Jobless claims dipped for a second week, suggesting growth in the labor market, but data on home construction showed that sector remains stressed even as the economy shows signs of a pick up.

Initial claims fell 3,000 to a seasonally adjusted 420,000, the Labor Department said on Thursday, in line with forecasts. The four-week moving average of claims, considered a better measure of labor market trends, touched a fresh two-year low.

A separate report from the Commerce Department showed housing starts rose 3.9 percent to a seasonally adjusted annual rate of 555,000 units. However, permits for future home construction dropped to a 1-1/2 year low.

Economist welcomed the second week of decline in initial claims and said it bode well for employment growth, but still remained insufficient to bring down a 9.8 percent unemployment rate.

This confirms the downtrend we have enjoyed in the past month, which is consistent with a six-figure monthly increase in payrolls going forward, said Richard DeKaser, an economist at The Parthenon Group in Boston.

U.S. stock index futures held onto slight gains after the data.
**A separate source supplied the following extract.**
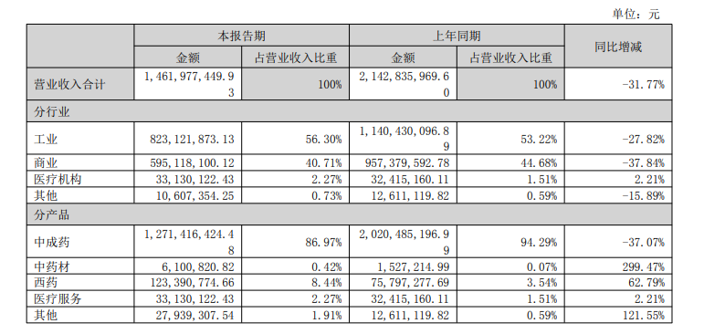 根據(jù)半年報(bào),醫(yī)藥工業(yè)仍是貴州百靈業(yè)績(jī)重要支撐,貢獻(xiàn)逾一半營(yíng)收。具體來(lái)看,工業(yè)實(shí)現(xiàn)營(yíng)收8.23億元,同比下降27.82%;商業(yè)實(shí)現(xiàn)營(yíng)收5.95億元,同比下降37.84%;醫(yī)療機(jī)構(gòu)實(shí)現(xiàn)營(yíng)收0.33億元,同比增長(zhǎng)2.21%;其他實(shí)現(xiàn)營(yíng)收0.11億元,同比下降15.89%。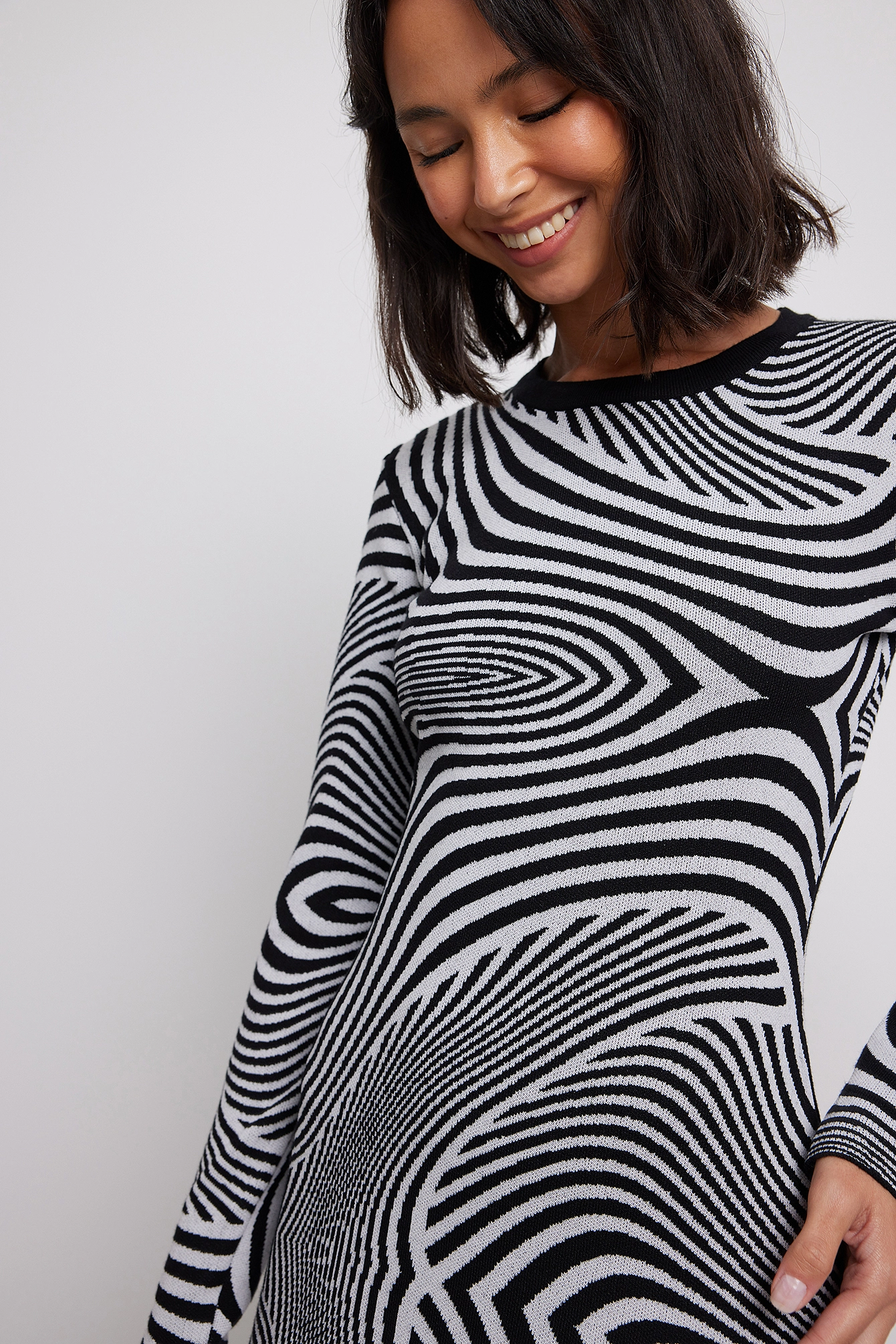 This mini dress is jacquard patterned and features a crew neckline, a long sleeve and a bodycon fit.

Sentiment was also supported by FedEx Corp , the second-largest package delivery company, which reported a quarterly profit and revenue that missed Wall Street estimates, but raised its full-year outlook on stronger-than-expected holiday volume and an improved economic forecast.

U.S. Treasury prices maintained their slight gains, while the dollar fell against the euro and the yen.
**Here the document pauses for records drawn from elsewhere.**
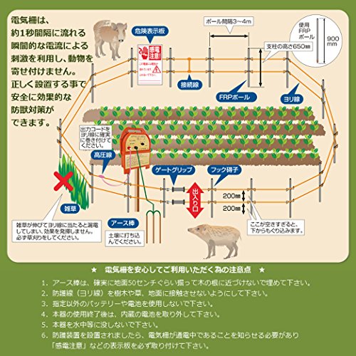 猪や鹿、イタチやタヌキなどの対策に電気柵を考えているかたにおすすめなのが電気柵のお得セットです。2段張りに必要な材料がセットになっており、手軽に設置できます。エリアチェッカーもついているため確実に接続できるかどうかもすぐに確認でき、不安な接続もすぐに確認可能です。使い方は簡単で柵を立てたら地中にアースを埋めるだけで、害獣が触れれば電気ショックを与えられます。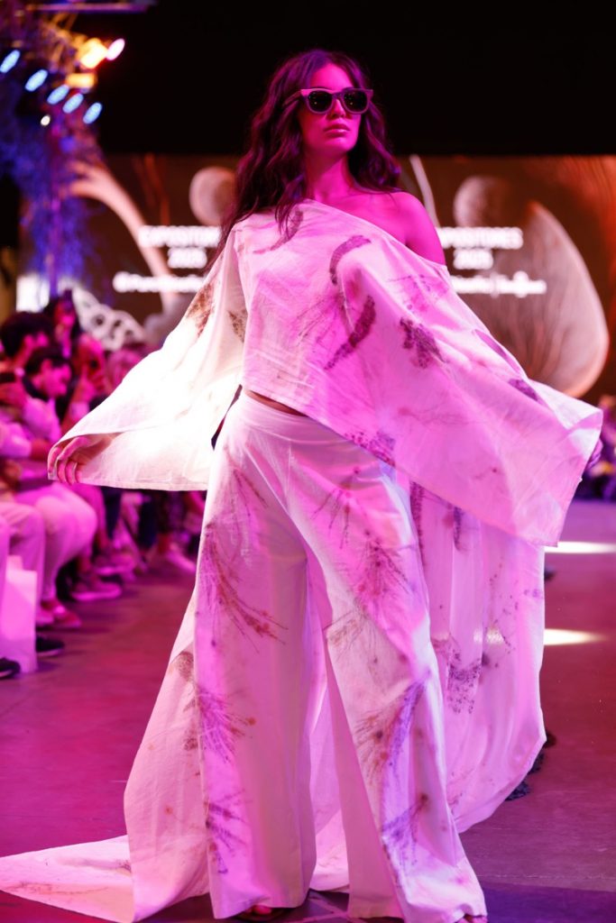 ADN Jewelry sorprendió con una capa hecha con 710 cápsulas de café recicladas, combinada con botas de Ruma Zapatos. La moda sustentable continuó con Palo Azul y sus zapatillas ABRA, teñidas con pigmentos naturales y confeccionadas con materiales reciclados.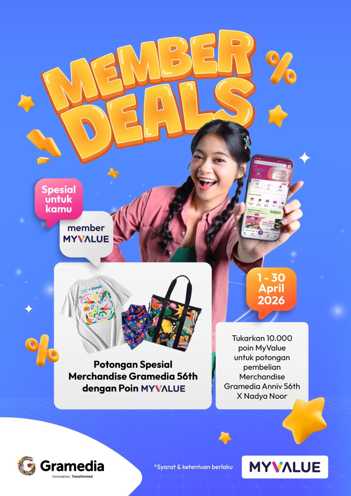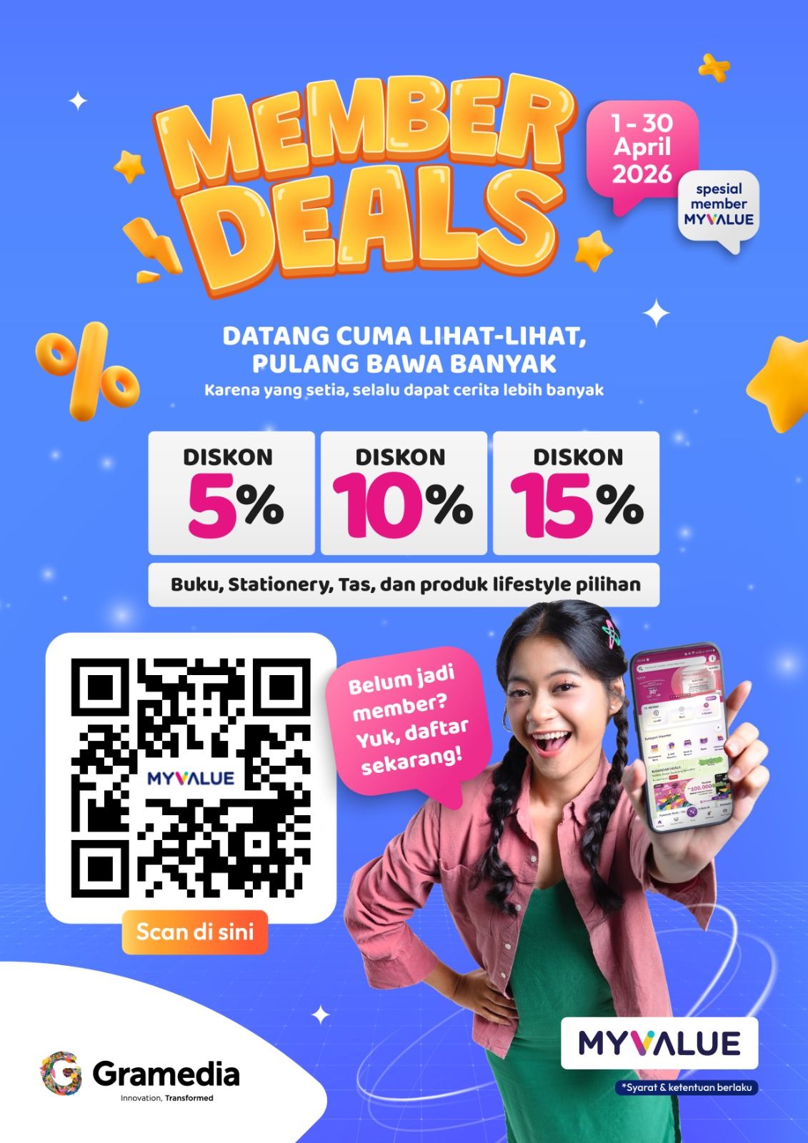 Tentu ada, dong! Selama periode 1-30 April 2026, Gramedia menghadirkan Member Deals, program khusus untuk member MyValue dengan berbagai keuntungan menarik!

October's housing starts were revised up to a 534,000-unit pace from the previously reported 1-1/2 year low rate of 519,000 units. Analysts polled by Reuters had expected November housing starts to rise to a 550,000-unit rate.
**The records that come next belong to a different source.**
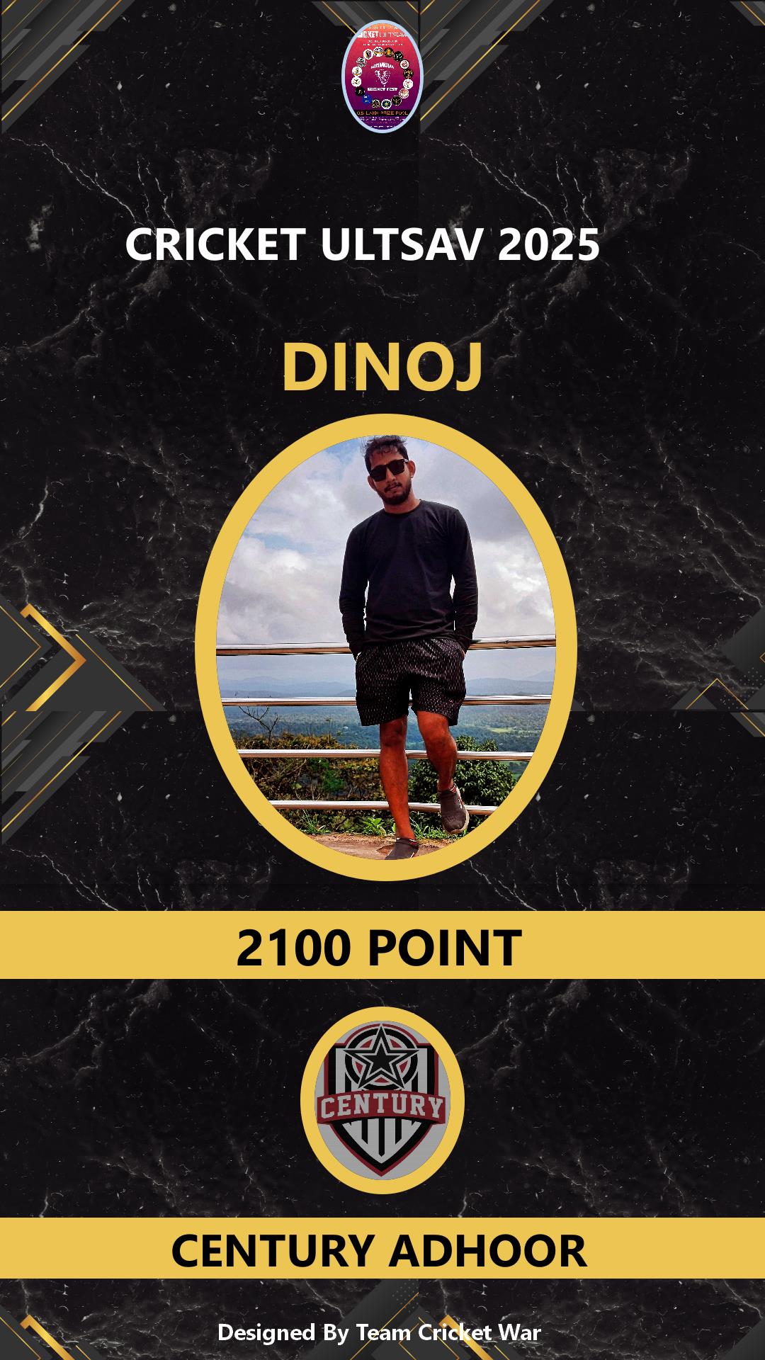 BATSMAN, AGE : 40 ADHOOR Bid Amount : 1100 Team : CENTURY ADHOOR Download ID Card VIEW PROFILE |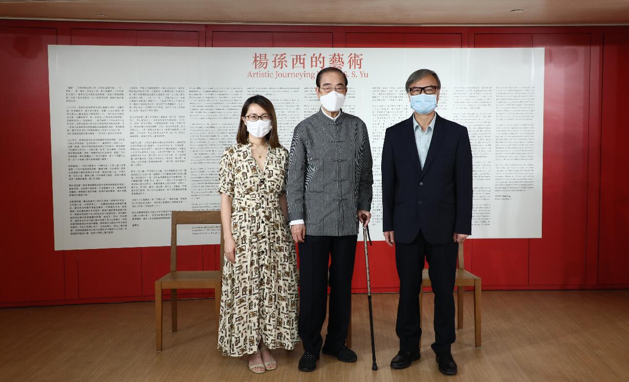 孫少文基金會主席孫燕華(左一)、參展藝術家楊孫西(左二)及一新美術館總監楊春棠(右一)於《行雲流水:楊孫西的藝術》展覽上合影。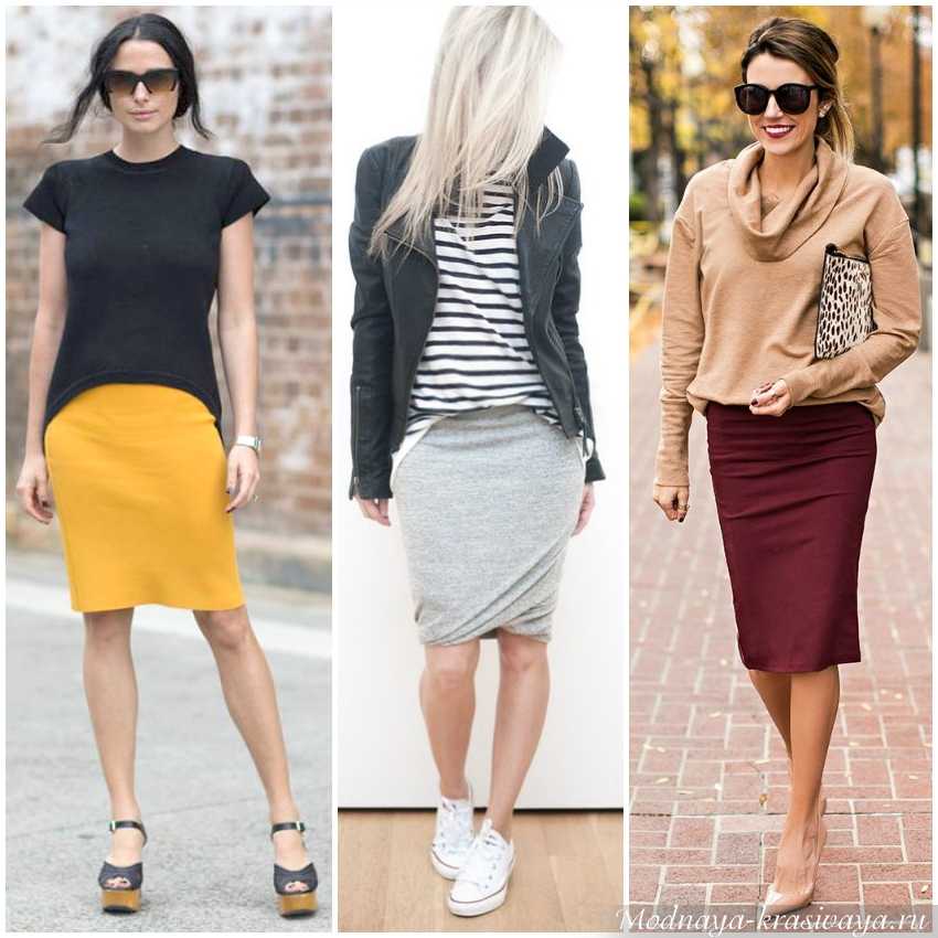 Главное при выборе юбок для типа фигуры яблоко – не создавать акцент на талии. Если модель узкая – блузка носится навыпуск, пышная – заправляется внутрь, но сверху желательно накинуть короткий жакет, жилет, блейзер.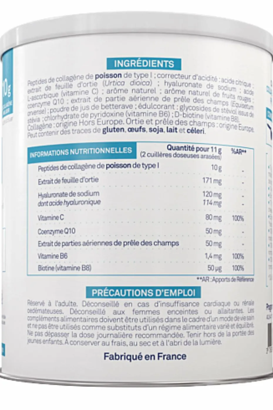 Un produit qui va agir sur les cheveux(1) (2) et la peau(3), apportant notamment 10g de peptides de collagène de type I !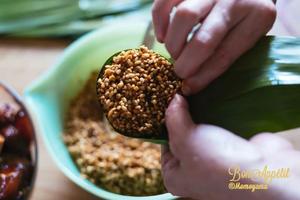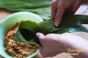 6. 左手捏住粽葉,右手添加食材,一勺糯米加一塊五花肉,再鋪一層糯米加一個蛋黃,最后用糯米蓋住蛋黃。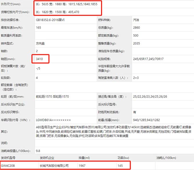 整车总质量2860kg,额定载质量500kg,整备质量2035。前轮距1570mm,后轮距1570mm,接近角/离去角分别为25/22°、26/23°、24/25°、26/26°,配备防抱死系统,前后悬长度分别为940/1285、943/1282mm。新款金刚炮搭载型号为GW4C20B的2.0T汽油发动机,最大功率145kW,最高时速165km/h,百公里油耗为9.8L/100km。

Despite last month's pick-up in residential construction, housing remains weak as high unemployment weighs on demand and homeowners' ability to hang on to their properties, lagging an acceleration in broader economic activity.

A survey on Wednesday showed sentiment among home builders was mired at record low levels this month, suggesting residential construction will again be a drag on gross domestic product growth in the fourth quarter.

New building permits fell 4.0 percent to a 530,000-unit pace last month, the lowest since April 2009, after a 0.9 percent increase in October. Permits were dragged down by a 23 percent plunge in the volatile multi-family segment. Permits for single-family homes rose 3 percent last month.

Analysts had expected overall building permits to rise to a 560,000-unit pace in November.

Groundbreaking last month was lifted by a 6.9 percent rise in single-family home construction. Starts for the multi-family segment, however, fell 9.1 percent. New home completions tumbled 14.1 percent to a record low 513,000 units in November.